**MATERIAL TO PROCESS**

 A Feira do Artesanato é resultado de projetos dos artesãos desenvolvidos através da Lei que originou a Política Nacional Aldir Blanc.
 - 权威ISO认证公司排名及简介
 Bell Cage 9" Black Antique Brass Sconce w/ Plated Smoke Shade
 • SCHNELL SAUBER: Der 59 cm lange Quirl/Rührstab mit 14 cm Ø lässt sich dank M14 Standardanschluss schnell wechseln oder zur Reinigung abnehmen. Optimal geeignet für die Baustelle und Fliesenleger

--

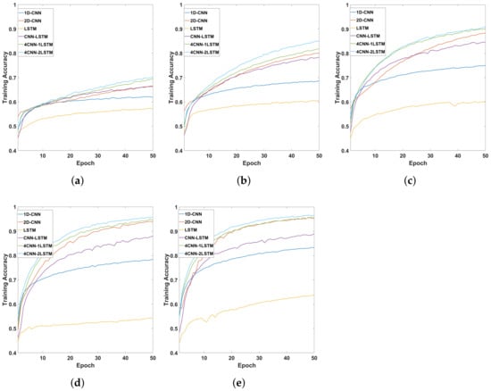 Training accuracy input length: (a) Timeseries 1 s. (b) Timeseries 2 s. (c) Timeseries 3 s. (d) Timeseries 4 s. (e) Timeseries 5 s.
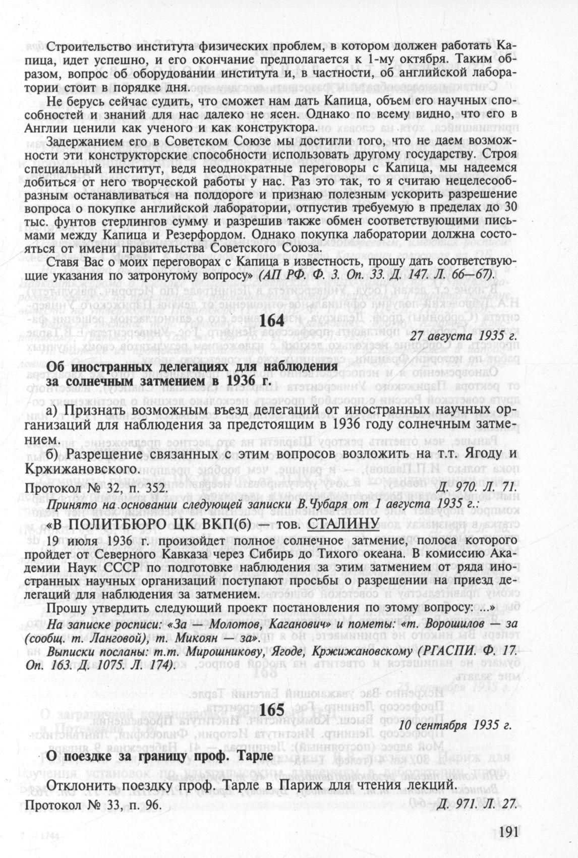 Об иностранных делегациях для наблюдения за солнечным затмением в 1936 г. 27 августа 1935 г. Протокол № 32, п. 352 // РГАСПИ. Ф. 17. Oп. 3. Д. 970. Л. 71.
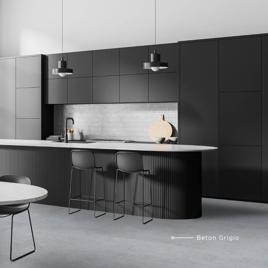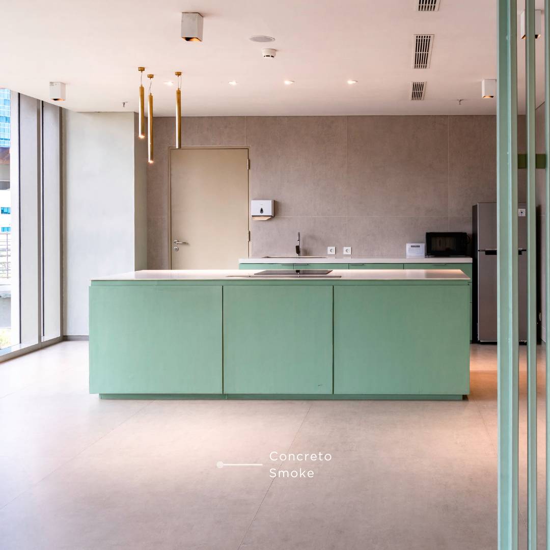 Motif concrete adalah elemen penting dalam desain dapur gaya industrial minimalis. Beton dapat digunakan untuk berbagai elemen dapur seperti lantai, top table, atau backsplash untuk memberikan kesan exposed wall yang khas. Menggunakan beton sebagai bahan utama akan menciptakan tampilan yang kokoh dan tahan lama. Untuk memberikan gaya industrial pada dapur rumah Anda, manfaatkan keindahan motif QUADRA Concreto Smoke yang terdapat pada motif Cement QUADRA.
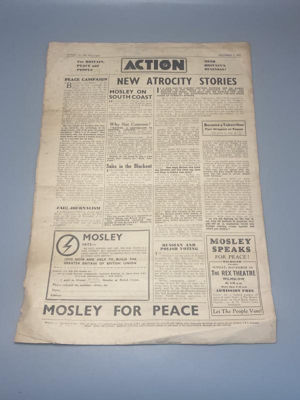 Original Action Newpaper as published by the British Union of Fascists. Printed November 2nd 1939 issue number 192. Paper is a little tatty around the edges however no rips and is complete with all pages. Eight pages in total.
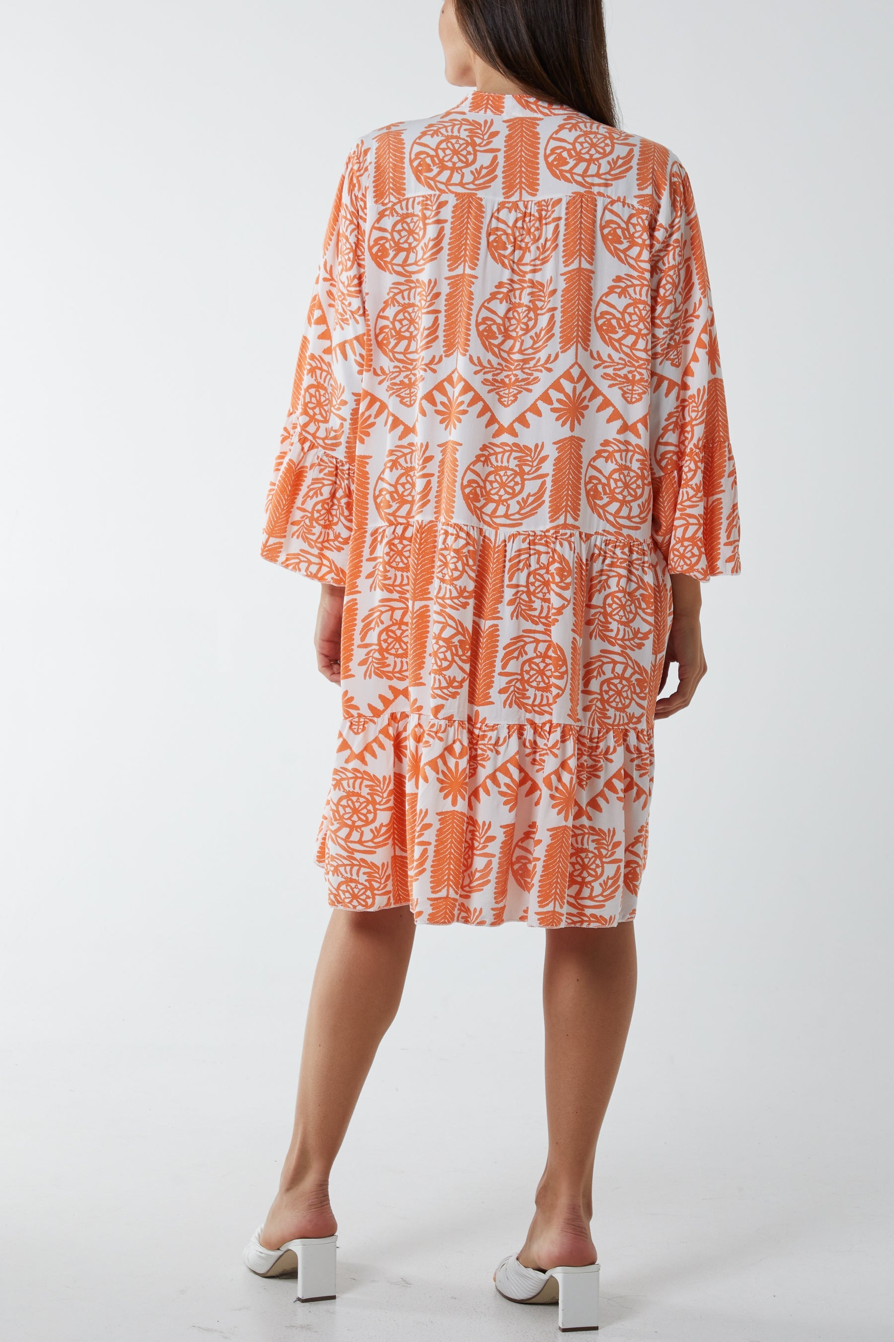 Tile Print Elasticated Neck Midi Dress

==

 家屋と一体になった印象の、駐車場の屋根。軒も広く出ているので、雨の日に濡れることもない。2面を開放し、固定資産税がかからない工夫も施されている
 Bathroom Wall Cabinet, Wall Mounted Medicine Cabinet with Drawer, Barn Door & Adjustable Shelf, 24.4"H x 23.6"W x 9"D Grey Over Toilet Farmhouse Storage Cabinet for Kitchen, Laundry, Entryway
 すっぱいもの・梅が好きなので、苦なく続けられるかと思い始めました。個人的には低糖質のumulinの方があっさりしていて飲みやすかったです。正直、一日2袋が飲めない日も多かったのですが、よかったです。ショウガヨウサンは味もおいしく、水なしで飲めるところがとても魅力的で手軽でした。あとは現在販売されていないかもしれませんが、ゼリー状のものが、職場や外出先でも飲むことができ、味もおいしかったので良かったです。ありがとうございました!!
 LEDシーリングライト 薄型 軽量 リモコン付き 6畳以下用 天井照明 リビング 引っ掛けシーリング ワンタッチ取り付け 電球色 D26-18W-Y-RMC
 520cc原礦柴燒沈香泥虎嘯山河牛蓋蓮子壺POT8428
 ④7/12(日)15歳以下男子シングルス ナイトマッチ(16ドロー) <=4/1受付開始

**EXERCISE PROMPT**
Would you please copy exactly the part of the entries above that begins at the line containing "- 权威ISO认证公司排名及简介" and ends at the line containing "Baustelle und Fliesenleger", both lines included?

**EXERCISE OUTPUT**
 - 权威ISO认证公司排名及简介
 Bell Cage 9" Black Antique Brass Sconce w/ Plated Smoke Shade
 • SCHNELL SAUBER: Der 59 cm lange Quirl/Rührstab mit 14 cm Ø lässt sich dank M14 Standardanschluss schnell wechseln oder zur Reinigung abnehmen. Optimal geeignet für die Baustelle und Fliesenleger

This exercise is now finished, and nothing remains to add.